就在蕭青冥在朝議上公開更改年號為景耀,嚴厲整治淮州世家后,不少淮州世家的殘余勢力投奔蜀州,短短數月之間,幾乎所有反對蕭青冥的力量,都匯聚在蜀州。
景耀三年十一月,蜀州王在蜀州報上公然宣稱,當今皇帝乃偽帝。
蕭青冥在朝堂上所言登基前遭奸人陷害以及前太后陳氏加害,全是愚弄百姓的謊言,真正的皇帝早已被起害死云云。
“奸人冒名混淆視聽,以彌天大謊欺騙天下人,逼迫宗室打壓皇親勛貴在前,欺凌太后弱質女流折磨致死在后”
“在朝堂倒施逆行,擅改祖制,親小人,遠賢臣,使民怨沸騰,亂象四起,惹得天怒人怨,眾叛親離”
“吾乃蜀州王,皇帝嫡脈后人,今昭告天下,號召天下有識之士共討伐之,誅滅不義暴君,重鑄綱常,還天下以朗朗乾坤”
蜀王發表在報紙上的討伐檄文,在有心人的推波助瀾下四處傳播,尤其在京州,傳得沸沸揚揚。
同時,蜀王公然起兵造反,號稱五十萬大軍浩浩蕩蕩出兵蜀州,殺入雍州,十幾日之內連克三座城池,大軍直逼雍州通往京州的關隘長恒關。
一時之間,天下震動。
繼三年前燕然大軍圍城后,京州再次被戰爭陰云籠罩,雍州和京州百姓人心惶惶,尤其是長恒關內,城里的百姓被迫開始往東邊逃難。
隨著四散逃亡的人們口耳相傳,越來越多的流言朝四面八方快速擴散,京城里,各種謠言滿天飛,誰也不想再經歷一次三年前的恐慌和絕望。
“這個蜀王口口聲聲稱現在的圣上是偽帝,豈不是說三年前那個丟了幽州,被燕然軍打得差點棄京南逃的昏君才是真的嗎”
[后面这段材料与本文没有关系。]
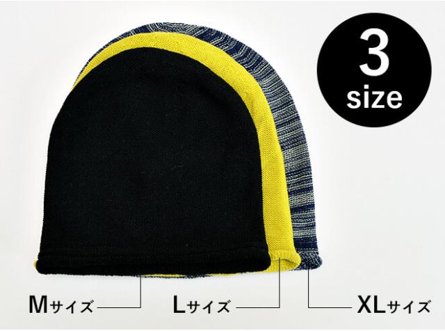 男性女性問わず被って頂けるように3サイズ展開。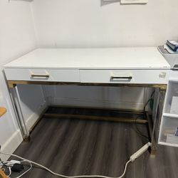 Modern White Desk with Drawers Gold Accent Legs$100Long Beach, CA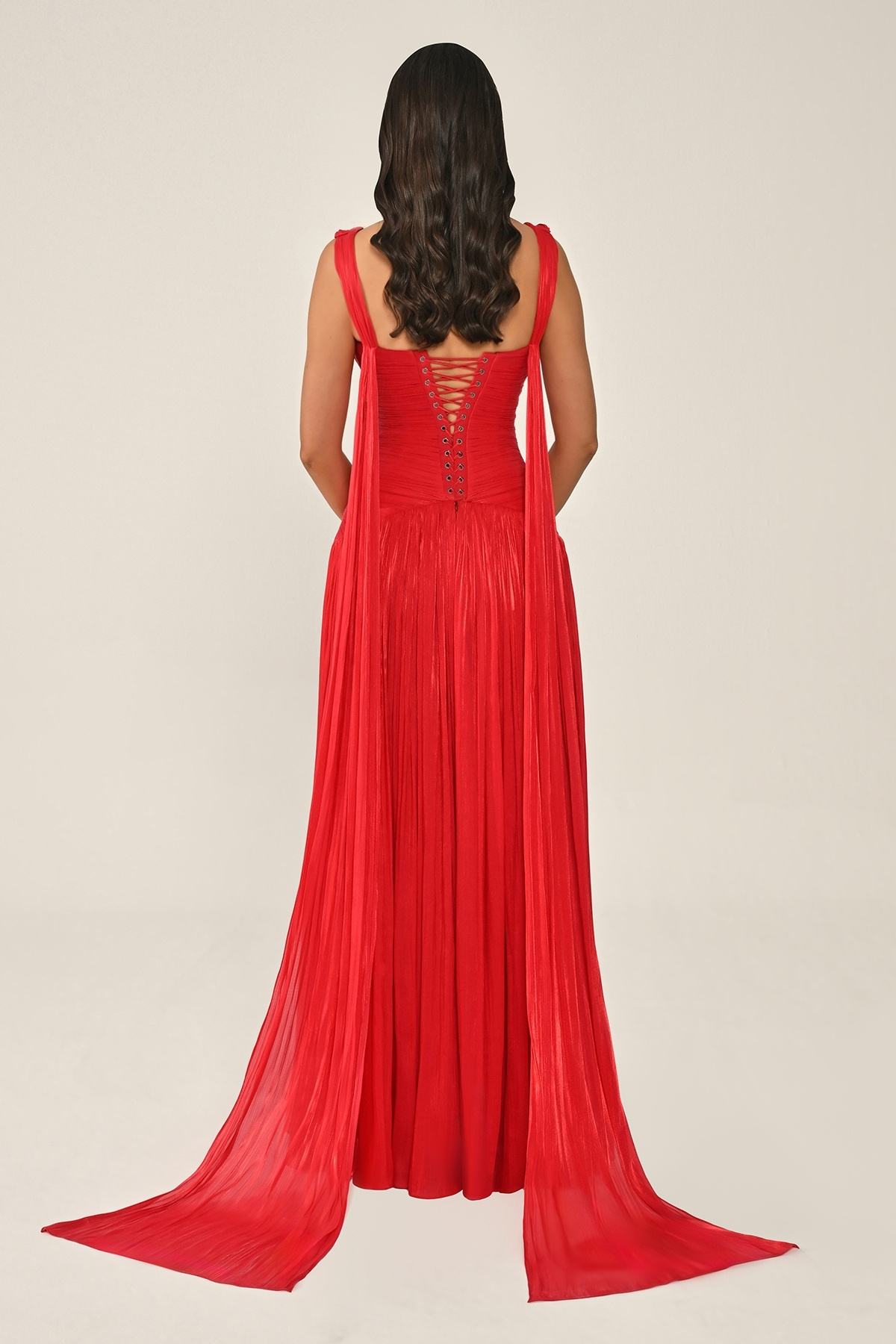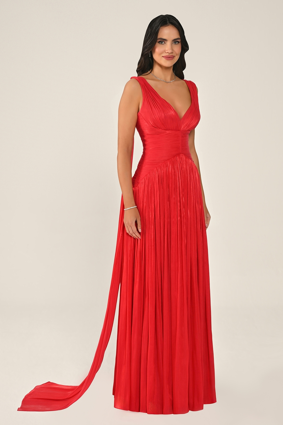 Kırmızı Kalın Askı Drapeli Şifon Abiye Elbise 46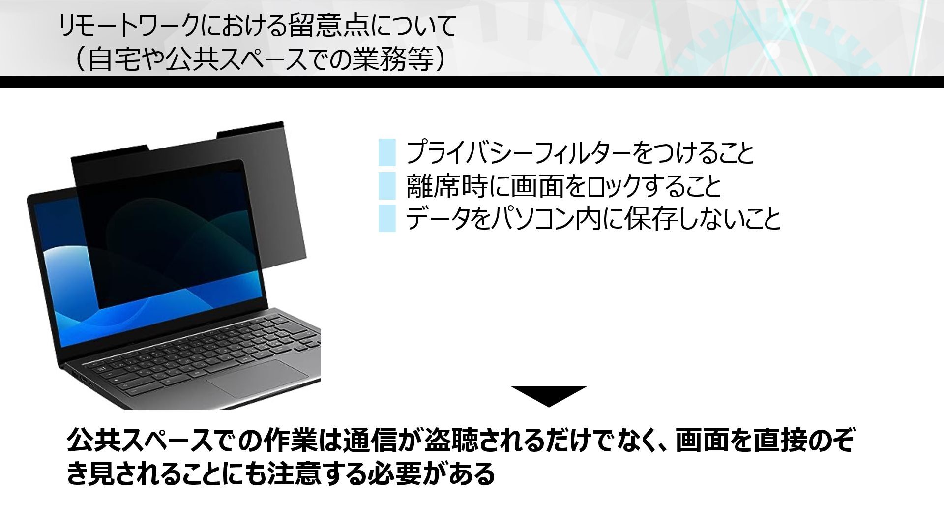 リモートワークにおける留意点について (⾃宅や公共スペースでの業務等) ▋プライバシーフィルターをつけること ▋離席時に画⾯をロックすること ▋データをパソコン内に保存しないこと 公共スペースでの作業は通信が盗聴されるだけでなく、画⾯を直接のぞ き⾒されることにも注意する必要がある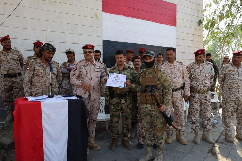 اللواء المجيدي يشهد اختتام دورة المهارات القتالية في اللواء 145 مشاة بتعز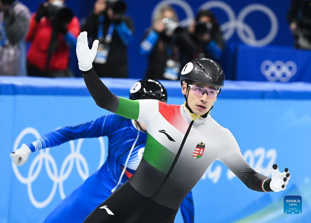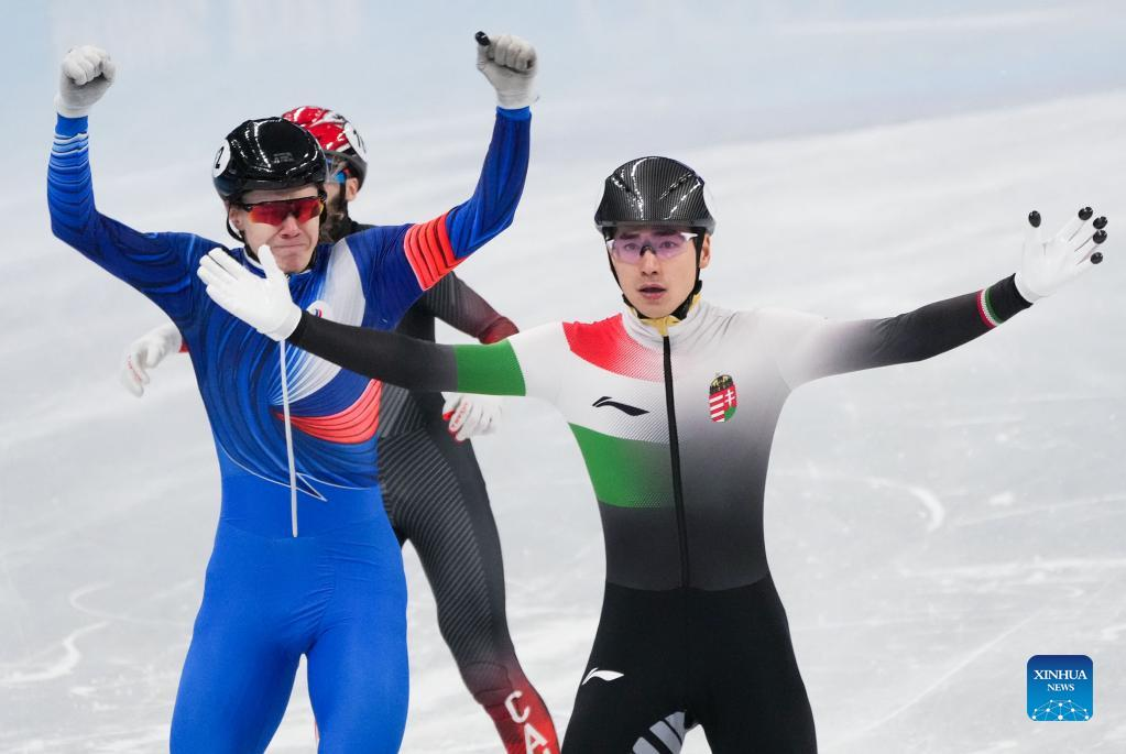 BEIJING, Feb. 13 (Xinhua) -- Liu Shaoang of Hungary won the men's 500m short track speed skating gold in 40.338 seconds at the Beijing Winter Olympics here on Sunday.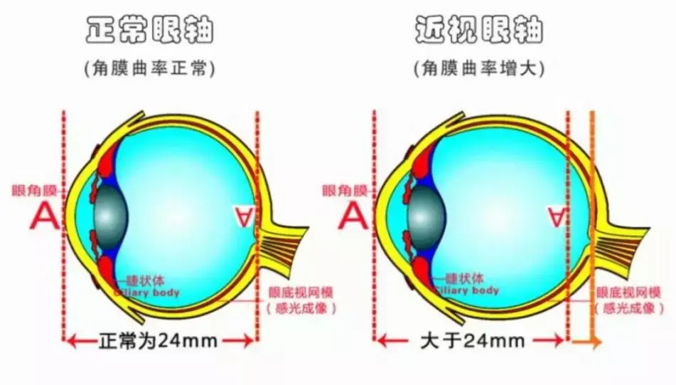 孩子眼轴增长过快,最终超过24mm,那就形成了近视,而且是不可逆的。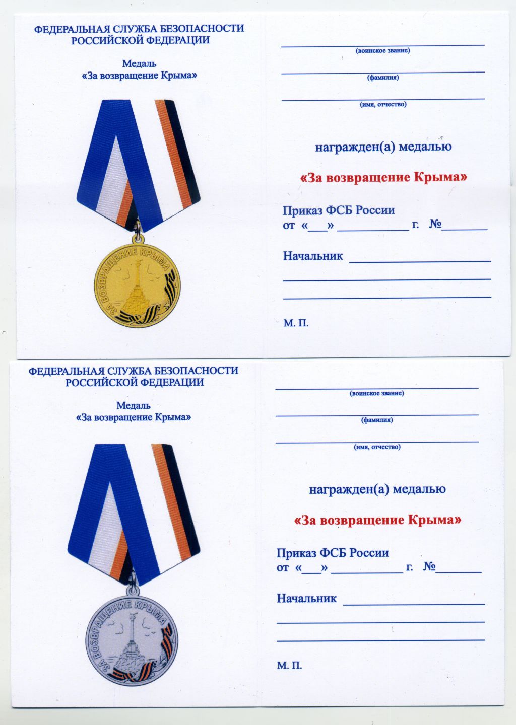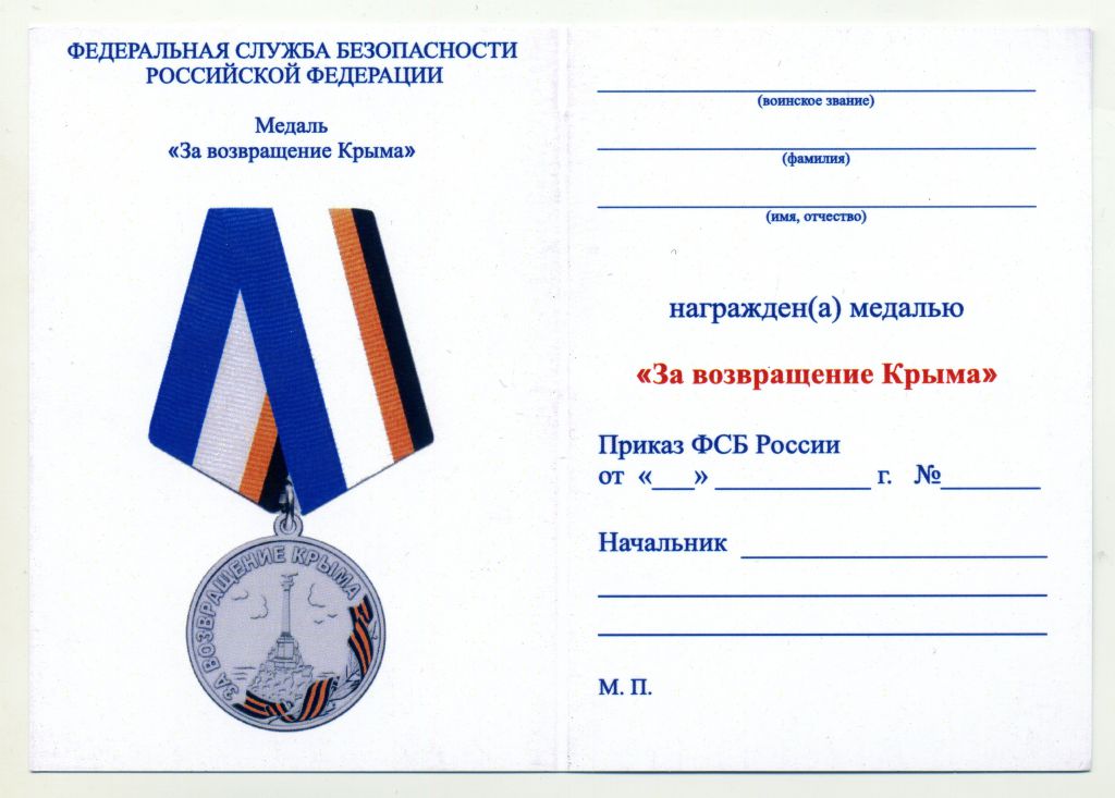 За Крым \ ФСБ \ Учреждена приказом Директора ФСБ В 2014 году (очень маленький тираж)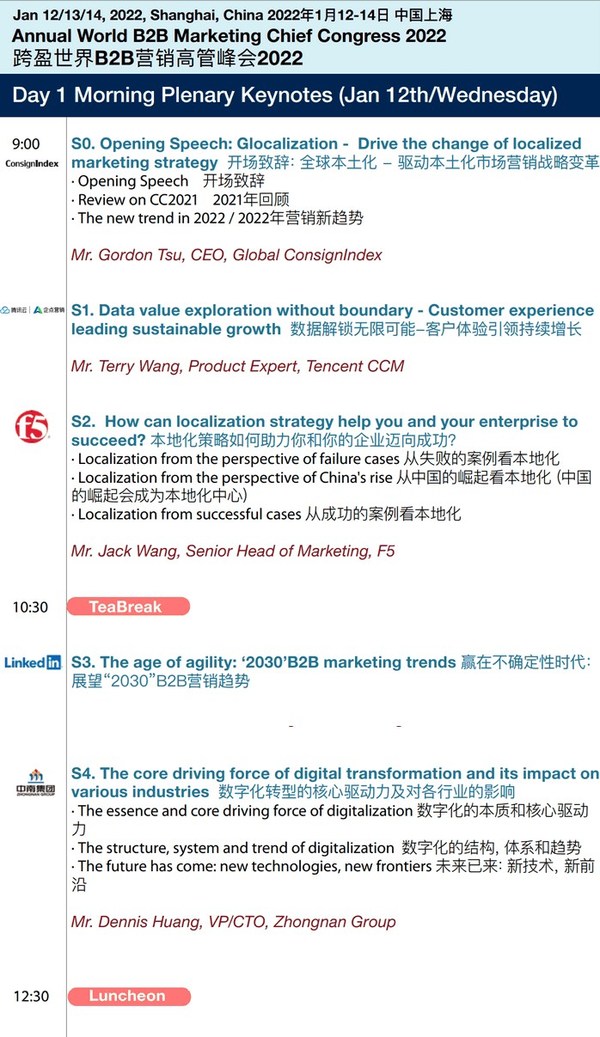 本次年度跨盈世界B2B营销高管峰会(CC2022)将于2022年1月12-14日在上海举办
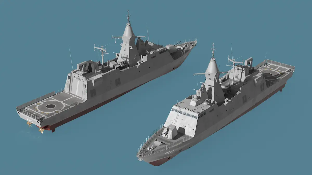 For military simulations, naval warfare training, defense industry presentations, maritime security, naval architecture, 3D modeling for military contractors, educational platforms, military technology visualization, defense strategy development, naval defense presentations, and tactical military projects.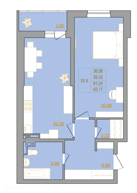 2 комн. квартира в Ростове-на-Дону в ипотеку от 43 007 руб/месяц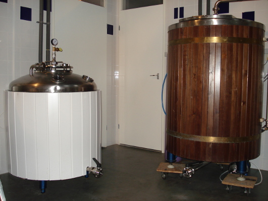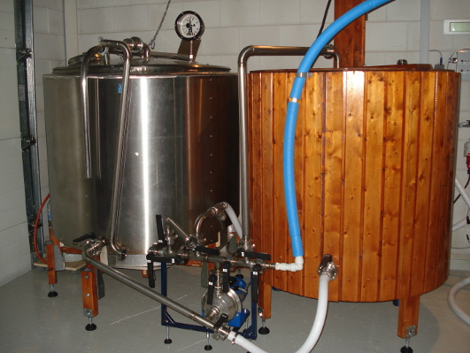 DecoctieDe brouwinstallatie werkt volgens het zogenaamde decoctiesysteem. Bent u een hobbybrouwer of weet u iets van brouwen af, dan zal u dit waarschijnlijk verbazen. Het decoctiesysteem is een eeuwenoude methode en volgens sommigen achterhaald. Maar er zijn ook brouwerijen die erbij zweren en beweren dat het decoctiesysteem een onnavolgbaar karakter aan het bier geeft. Het haalt meer smaak uit de mout dan welke andere moderne brouwmethode, met name in direct gestookte ketels, zoals deze. Een enkele brouwerij in Duitsland gebruikt het nog (in bijvoorbeeld Beieren en Düsseldorf) of Amerika (Boston) waar uitgesproken moutige bieren gemaakt worden.De brouwketel is tevens decoctieketel, de beslagkuip is tevens filterkuip. Het decoctieproces wordt vervolgens uitgevoerd door een zelf ontworpen installatie. "If you have the philosophy of using decoction, you will hardly go away from it" Juergen Buhrmann, technisch manager mouterij Weyermann, Bamberg, Duitsland.

京城茶館酒樓里,幾乎每個人都在議論蜀王造反這件大事。
“那檄文上還說今上倒施逆行,天怒人怨哪兒有嘛反正我家這幾年生活比以前松快多了,上繳的糧稅少了不說,買東西還便宜了。”
“可那蜀王有五十萬大軍呢,比當年燕然軍還多,萬一真打到京城來怎么辦”
“不是都說當今圣上乃紫薇大帝轉身當年就能打得燕然太子退兵,后來還能叫長寧河改道,區區五十萬叛軍算什么,自有天兵天將收拾他們”
“唉,可是我有個雍州投奔過來的親戚,說蜀州軍接連打下了好幾座城池,勢如破竹呢,要不了多久就要打到京城了”
就在流言四起,眾說紛紜之際,京城禁衛軍駐軍大營之中,一支全副武裝的大軍,整整齊齊排成數十個大方陣,皆手持兵刃,安靜有序地等候在營地廣場之上。
統一的制式黑色軍裝,銀亮的鎧甲,鋒利的長槍,數萬大軍無聲佇立,一股強烈的殺伐之氣籠罩在營地上空。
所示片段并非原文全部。